Há uma cena emblemática logo no início do filme O último portal, de Polanski, em que um sujeito aparece em uma cadeira de rodas, provavelmente incapacitado por um AVC, porém ainda apto a compreender o que se passa a sua volta. No fundo, seus herdeiros negociam sua coleção de livros, que para eles não passa de uma excentricidade do velho agora sem utilidade nenhuma, mas que pode ter algum valor comercial. O especialista chamado por estes, com seu olhar ganancioso de comerciante, oferece um preço bem abaixo do aceitável por uma obra raríssima. O Velho, então, contorce-se na cadeira, aviltado pelo sacrilégio cometido e por sua impotência. É como se o tivessem enterrado antecipadamente em vida.

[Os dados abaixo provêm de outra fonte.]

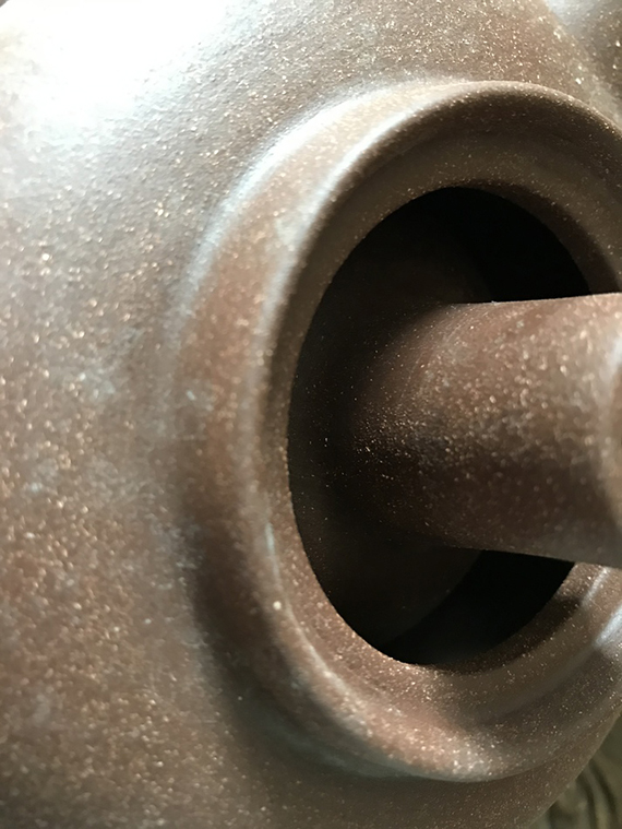 For sale is this peculiar clay kettle. A bit difficult to describe, it has a inward canal from the bottom, thus making water heating a lot fast due to the larger surface exposed to the source of heat. Heating up inside out so to speak.

Conheci Joaquim Melo numa situação para ele corriqueira, mas que a mim foi bastante peculiar. Algum pesquisador do Rio estava interessado em meu ensaio O Norte impossível, no que ele se incumbiu de ir a sua procura. Encontrou-me no Facebook e travamos contato. Surgiu daí uma ótima colaboração, em que ele amistosamente recepcionava meus trabalhos para serem vendidos, além de buscar obras raras que me interessavam e que somente ele poderia encontrar.
Contudo, o que mais me causava admiração eram nossos diálogos livrescos, nos quais se revelava a clareza com que percebia o valor e a necessidade de circulação dos livros, bem como de estabelecer sua Banca como a intersecção entre o mundo e a Amazônia. Tudo isso combinado com uma generosidade sem fim, que nos surpreendia pela força de seu desprendimento.
Recordo somente uma de várias situações. Certa vez, procurava por Malária e outras canções malignas, de Aldísio Filgueiras. Ele falou que iria procurar. Passou-se cerca de um mês até que pudesse achá-lo. Quando o busquei, disse que não precisava pagar nada. Saí obviamente agradecido, mas durante muito tempo sem entender esse contrassenso à lógica mercantilista.
Foram ocasiões como essas que me fizeram pensar, devido a sua partida, na cena descrita acima, juntamente com um desfecho que se afigura em mim com a potência de uma verdade, embora permaneça apenas no devaneio – mas não é isso afinal a vida? - . Fosse ele o negociador de livros do velho, era provável que pagasse um valor alto e justo, e entregasse adiante a obra de graça a quem se prontificasse a fazer bom uso dela.
Porque as pessoas passam, mas os livros ficam, e estes a partir daí dão-se a pertencer a algo maior, chamado cultura. Nesse sentido, um livreiro é sempre mais do que um vendedor, ou seja, é um embaixador da riqueza imaterial dos povos. É essa a sabedoria oculta que Joaquim Melo guardava e nos leva, mas que, tal como os livros em sua Banca do Largo, também fica.